On 30 November 2018, the Andrews government announced that the Level Crossing Removal Project would remove the Oakover Road, Cramer Street and Murray Road level crossings, along with 23 other level crossings in Melbourne as part of a $6.6 billion program, Bell Street was already listed to be removed in 2014. At the same time, the elevated railway option was chosen.

During construction, the Mernda line was never closed for more than two weeks at a time in 2021 and 2022 to facilitate further piling and excavation works. Between 5 May to 12 May 2021, the original Preston station building was demolished to make way for the new elevated railway bridge, with the Mernda line was closed during that time to install temporary equipment at the station. Once the temporary station opened, major excavation works were able to begin. Construction of the first part of the U-through bridge section made up of two L-shaped beams for the elevated railway bridge installed and digging for the 114 piers also started to occur during this time.

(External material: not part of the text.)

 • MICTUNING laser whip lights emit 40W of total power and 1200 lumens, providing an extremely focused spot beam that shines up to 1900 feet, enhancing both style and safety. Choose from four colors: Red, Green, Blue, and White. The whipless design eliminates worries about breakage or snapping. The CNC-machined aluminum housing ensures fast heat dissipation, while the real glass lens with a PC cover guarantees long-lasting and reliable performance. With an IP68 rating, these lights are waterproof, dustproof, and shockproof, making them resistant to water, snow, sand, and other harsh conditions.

Between 17 May to 30 May 2022, the Mernda line was shut down for 12 days to remove the Oakover Road, Bell Street, Cramer Street and Murray Road level crossings in order to get the first part of the elevated railway bridge ready and demolish the old ground level station platforms. On 30 May 2022, the first part of the 2 kilometre bridge opened with a temporary single track until 26 August 2022.
During construction, the Mernda Line could not be closed for longer than 12 days due to the requirement of trains to regularly access the Epping maintenance yard facility.

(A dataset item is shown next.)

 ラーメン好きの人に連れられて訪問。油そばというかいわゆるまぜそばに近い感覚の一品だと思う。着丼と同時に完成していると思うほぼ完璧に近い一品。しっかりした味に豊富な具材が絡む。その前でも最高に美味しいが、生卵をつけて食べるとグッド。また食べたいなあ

On 5 September 2022, the rebuilt station opened to the public. The elevated station opened in a basic state, with lifts, paving and additional exits opened on the north side of the station. In 2023, the open spaces were completed. The Preston station area features an improved cycling and walking paths which opened in late 2022, expansive open space, newer and safer connections to popular local destinations and the station facades' bright colour which features a barcode reflecting the vivid colours of produce found at Preston Market.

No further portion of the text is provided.